→ PROBLEM DESCRIPTION:
Down to the last line, retype the records below exactly and skip the pictures.

[Stored data]
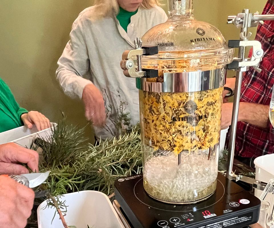 • Zelf een Kuromoji-hydrolaat destilleren met de authentieke Kiriyama-stoomdistilleerder
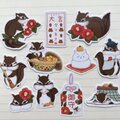 シマリスの年末年始 椿咲く森の中で フレークシール 30枚入り【シマリス8柄×3枚、おみくじ、お守り、鏡餅×2枚ずつ】
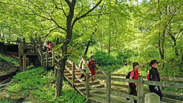 시민들이 15일 아차산 생태공원 나무 계단을 오르내리며 고구려 흔적을 돌아보고 있다.
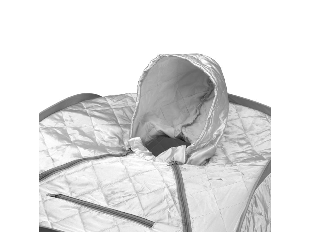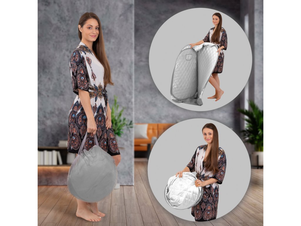 A kétoldalas cipzáraknak köszönhetően kényelmesen be- és kiléphetsz a szaunából. A praktikus cipzárral nyitható karnak kialakított részeket mindenki értékelni fogja, aki szaunázás közben könyvolvasással vagy tableten videózással szeretné eltölteni az időt. A szauna elhelyezése vagy összeszerelése teljesen egyszerű, bárki számra használható pillanatok alatt. A pop-up rendszer gondoskodik arról, hogy csak ki kelljen venned a szaunát a táskájából, és néhány másodperc alatt már élvezheted a jól megérdemelt kikapcsolódást! A kompakt kialakításnak köszönhetően kis helyekre is ideális! Csak néhány gyors mozdulat, és már tárolhatod a szaunát az ágy alatt vagy a szekrényben. Ezenkívül a csomag tartalmaz egy összecsukható széket, amely ellenáll a nedvességnek.
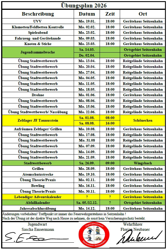 Nachfolgend finden Sie den Termin- und Übungsplan der Jugendfeuerwehr für das Jahr 2026, der auch hier als PDF-Datei heruntergeladen werden kann:

→ EXERCISE ANSWER:
 • Zelf een Kuromoji-hydrolaat destilleren met de authentieke Kiriyama-stoomdistilleerder
 シマリスの年末年始 椿咲く森の中で フレークシール 30枚入り【シマリス8柄×3枚、おみくじ、お守り、鏡餅×2枚ずつ】
 시민들이 15일 아차산 생태공원 나무 계단을 오르내리며 고구려 흔적을 돌아보고 있다.
 A kétoldalas cipzáraknak köszönhetően kényelmesen be- és kiléphetsz a szaunából. A praktikus cipzárral nyitható karnak kialakított részeket mindenki értékelni fogja, aki szaunázás közben könyvolvasással vagy tableten videózással szeretné eltölteni az időt. A szauna elhelyezése vagy összeszerelése teljesen egyszerű, bárki számra használható pillanatok alatt. A pop-up rendszer gondoskodik arról, hogy csak ki kelljen venned a szaunát a táskájából, és néhány másodperc alatt már élvezheted a jól megérdemelt kikapcsolódást! A kompakt kialakításnak köszönhetően kis helyekre is ideális! Csak néhány gyors mozdulat, és már tárolhatod a szaunát az ágy alatt vagy a szekrényben. Ezenkívül a csomag tartalmaz egy összecsukható széket, amely ellenáll a nedvességnek.
 Nachfolgend finden Sie den Termin- und Übungsplan der Jugendfeuerwehr für das Jahr 2026, der auch hier als PDF-Datei heruntergeladen werden kann:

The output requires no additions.